Но что это? И нападавшие и осажденные перестали швырять снежки, кинулись на Василия Патрикеева и поволокли его к проруби. Таков обычай: воевода одолевшей стороны должен побывать в ледяной купели. Агриппина знает, что ничего с ее возлюбленным не случится, но она все равно тревожится за него. Вот его искупали, вот вынули из дымящейся проруби, вот завернули в медвежью шкуру и положили в сани. А он лишь смеется, норовит глянуть в ее сторону, вырваться из цепких рук. Кто-то взмахнул кнутом, лошади понеслись и исчезли за поворотом.
Сколько раз после этого видела Агриппина один и тот же ужасный сон: Василий радостно улыбается, тянется к ней руками, он совсем близко, но откуда-то появляется толпа разъяренных людей, которые хватают его, куда-то волокут. И Василий бесследно исчезает.
Никогда больше не привелось Агриппине Пронской увидеться со своим возлюбленным. Дошел до нее слух, будто насильно постригли его в монахи. А когда слух этот подтвердился, она и сама последовала в монастырь. До Ульянеи доходили вести о возвращении Василия, ставшего в иночестве Вассианом, в Москву, где он, будучи монахом Чудова монастыря, стал оказывать большое влияние на государя. Несколько раз приезжала она в Москву по монастырским делам, но встретиться им не привелось. Да и не очень она, признаться, хотела увидеться с ним. Особые заботы загородили от нее Василия Патрикеева.
Воспоминания взволновали Ульянею. Голова ее горела, но сознание было ясным. Она все более удивлялась своей памяти, которая, оказывается, сохранила в течение десятилетий каждый миг той давней счастливой седмицы, каждый взгляд Василия, каждое прикосновение его сильных, жадных рук. Игуменья закрыла глаза и застонала не то от воспоминаний, не то от боли.
«Господи, прости меня, грешную! Помоги мне одолеть козни демонские…»
Немного успокоившись, Ульянея вновь принялась за чтение письма. Вассиан заклинал ее всячески оберегать от бед и напастей опальную жену великого князя Соломонию.
«Не сумлевайся, сокол мой ясный, все сделаю, как велишь!» Тут только Ульянея подумала о том, что ее «ясный сокол», наверно, как и она, стар и немощен. Горько усмехнувшись и покачав головой, она кликнула келейницу Евфимию и приказала привести новоприбывшую инокиню Софью.
Софья бесшумно вошла в келью игуменьи, молча поклонилась и застыла у дверей. Игуменья с трудом поднялась с лавки и, прихрамывая, приблизилась к ней.

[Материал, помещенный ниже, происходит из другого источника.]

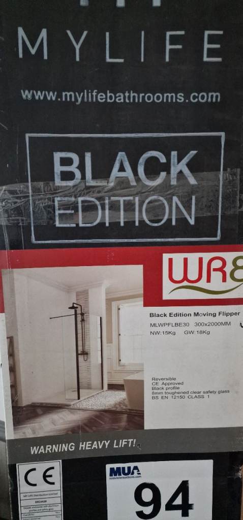And 1 x 300mm x 1950mm swing screen in black with the black lines across the glass.

— Что молчишь-то? Вижу, не рада пострижению. Только ведь назад в мир отсюда пути нет. Так что хоть плачь, хоть смейся, ничего не изменишь. Вот так-то… — Губы Ульянеи задрожали, и она на мгновение отвернулась к стене, чтобы справиться с волнением, вызванным собственными воспоминаниями. — Ну ничего, жить везде можно. Тепло ли у тебя в келье?
— Тепло, матушка, благодарю за заботу. Только и вправду немило мне пострижение…
— А я тебе говорю: жить везде можно, не только в великокняжеских палатах. Чего их жалеть? Одна маета там, мышиная возня боярская. Не так ли? А тут ты успокоишься наедине с Господом Богом, силу духовную обретешь.
— Не о великокняжеских палатах сожалею я, матушка, не о нарядах и драгоценностях. Дите свое кровное мне жаль!
— Какое еще дите? Да ты в уме ли, Софья? Великий князь отринул тебя и возвел в иноческий сан из-за того, что ты стала заматеревшей . О каком же дите ты говоришь?
— О том, что в чреве моем, — ответила Софья и прикрыла живот рукой.
— Не может этого быть. Двадцать лет дите не рождалось, и вот, когда заматеревшую жену решили отправить в монастырь, она вдруг понесла? Ты говорила об этом при пострижении?
— Я говорила, да митрополит Даниил не внял моим речам. — Голос Софьи задрожал, из глаз полились слезы.
— И правильно сделал, что не внял. Байки все это. Ты могла говорить эту кривду при пострижении, дабы остаться в миру. Неясно, зачем мне-то ты ее повторяешь? Если бы даже я поверила тебе, все одно ничего не изменить.
— Матушка, да правду, правду я говорю, а не кривду! Провалиться мне сей же миг в геенну огненную, если это не так!
Ульянея оторопело уставилась на Софью, словно ожидая жестокой кары. Ничего, однако, не произошло, и игуменья успокоилась.
— А откуда тебе ведомо, что в чреве твоем дите зародилось?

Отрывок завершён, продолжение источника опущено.